== What you have to do ==
Copy each entry below verbatim. Skip the pictures.

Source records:

────

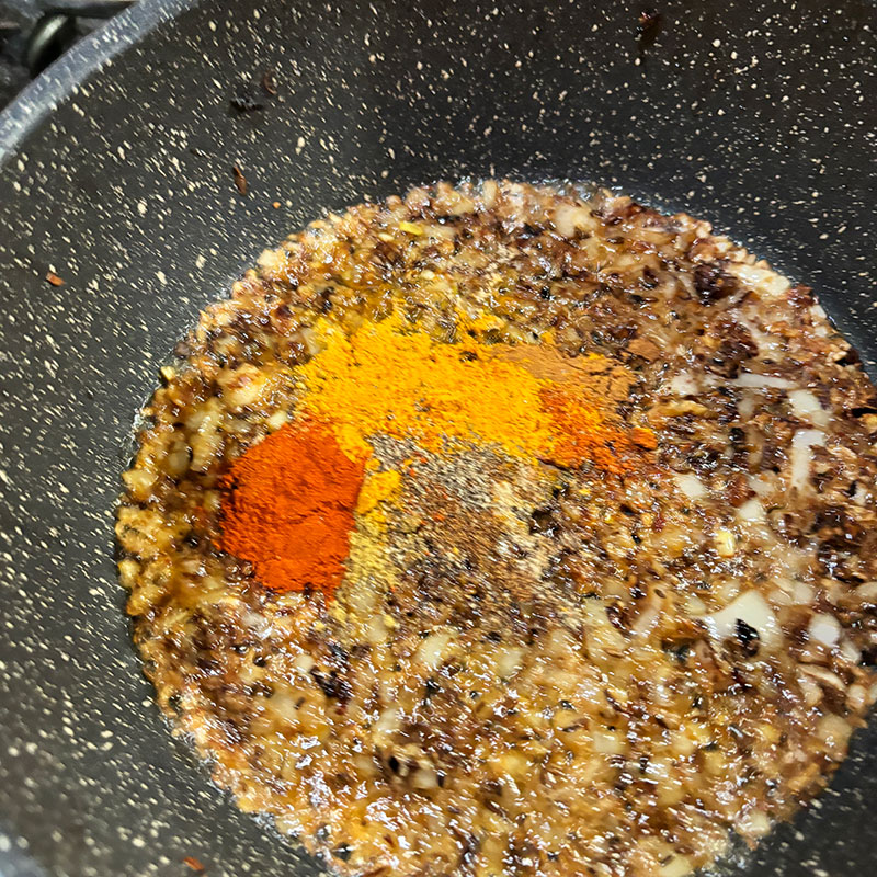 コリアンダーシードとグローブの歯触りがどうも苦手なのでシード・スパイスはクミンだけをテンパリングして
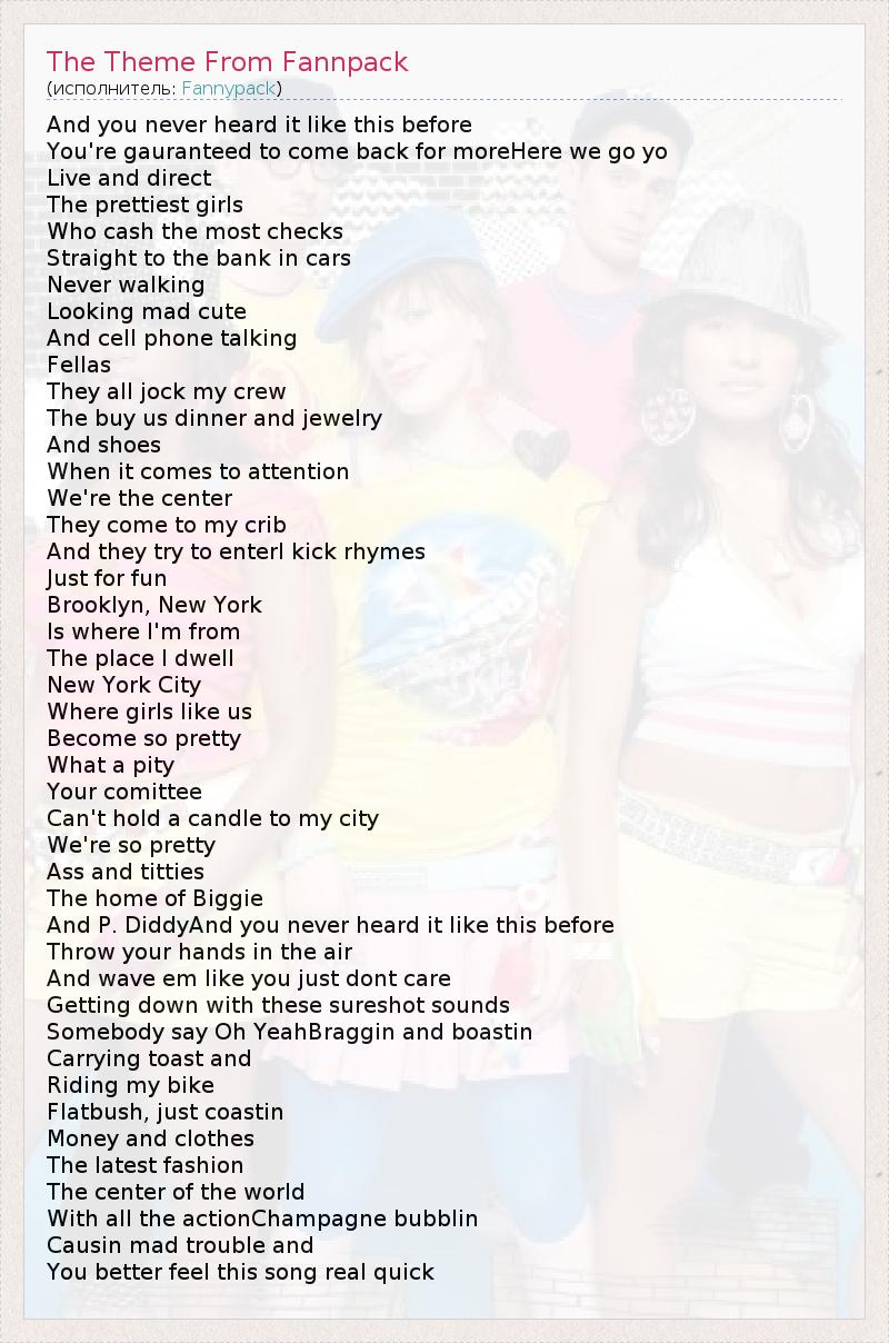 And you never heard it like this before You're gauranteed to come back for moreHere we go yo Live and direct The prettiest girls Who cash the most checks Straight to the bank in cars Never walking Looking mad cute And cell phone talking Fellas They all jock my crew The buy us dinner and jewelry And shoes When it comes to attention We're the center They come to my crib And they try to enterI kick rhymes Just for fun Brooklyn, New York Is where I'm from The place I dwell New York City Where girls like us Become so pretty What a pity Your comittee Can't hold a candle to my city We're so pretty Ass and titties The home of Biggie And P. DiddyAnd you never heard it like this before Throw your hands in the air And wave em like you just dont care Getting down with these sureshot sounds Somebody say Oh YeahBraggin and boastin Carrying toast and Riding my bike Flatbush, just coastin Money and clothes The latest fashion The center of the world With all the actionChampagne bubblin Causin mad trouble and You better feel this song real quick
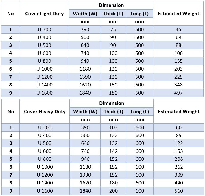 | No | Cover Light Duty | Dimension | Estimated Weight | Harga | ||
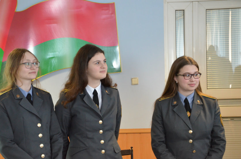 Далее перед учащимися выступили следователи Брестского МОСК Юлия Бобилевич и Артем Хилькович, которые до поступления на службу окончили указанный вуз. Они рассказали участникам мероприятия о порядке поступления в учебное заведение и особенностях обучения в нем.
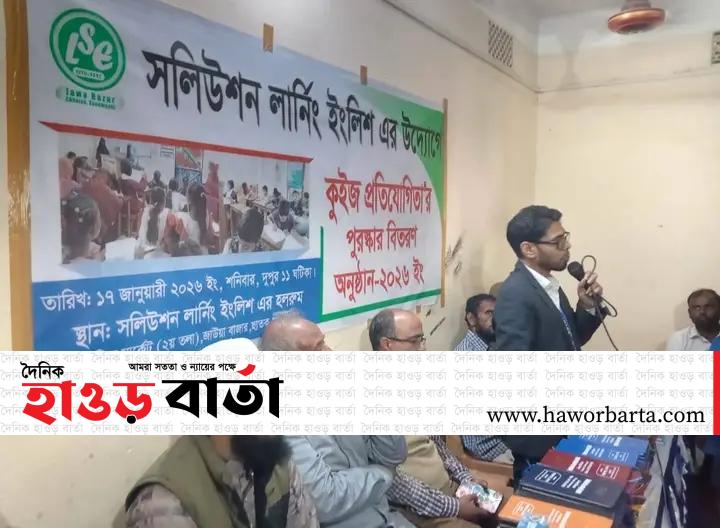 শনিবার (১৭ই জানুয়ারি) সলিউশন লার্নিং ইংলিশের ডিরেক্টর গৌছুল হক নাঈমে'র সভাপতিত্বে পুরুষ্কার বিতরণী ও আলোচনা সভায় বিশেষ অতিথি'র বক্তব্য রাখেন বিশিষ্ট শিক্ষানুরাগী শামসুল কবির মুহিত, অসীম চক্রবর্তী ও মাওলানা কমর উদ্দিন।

────

== Task output ==
 コリアンダーシードとグローブの歯触りがどうも苦手なのでシード・スパイスはクミンだけをテンパリングして
 And you never heard it like this before You're gauranteed to come back for moreHere we go yo Live and direct The prettiest girls Who cash the most checks Straight to the bank in cars Never walking Looking mad cute And cell phone talking Fellas They all jock my crew The buy us dinner and jewelry And shoes When it comes to attention We're the center They come to my crib And they try to enterI kick rhymes Just for fun Brooklyn, New York Is where I'm from The place I dwell New York City Where girls like us Become so pretty What a pity Your comittee Can't hold a candle to my city We're so pretty Ass and titties The home of Biggie And P. DiddyAnd you never heard it like this before Throw your hands in the air And wave em like you just dont care Getting down with these sureshot sounds Somebody say Oh YeahBraggin and boastin Carrying toast and Riding my bike Flatbush, just coastin Money and clothes The latest fashion The center of the world With all the actionChampagne bubblin Causin mad trouble and You better feel this song real quick
 | No | Cover Light Duty | Dimension | Estimated Weight | Harga | ||
 Далее перед учащимися выступили следователи Брестского МОСК Юлия Бобилевич и Артем Хилькович, которые до поступления на службу окончили указанный вуз. Они рассказали участникам мероприятия о порядке поступления в учебное заведение и особенностях обучения в нем.
 শনিবার (১৭ই জানুয়ারি) সলিউশন লার্নিং ইংলিশের ডিরেক্টর গৌছুল হক নাঈমে'র সভাপতিত্বে পুরুষ্কার বিতরণী ও আলোচনা সভায় বিশেষ অতিথি'র বক্তব্য রাখেন বিশিষ্ট শিক্ষানুরাগী শামসুল কবির মুহিত, অসীম চক্রবর্তী ও মাওলানা কমর উদ্দিন।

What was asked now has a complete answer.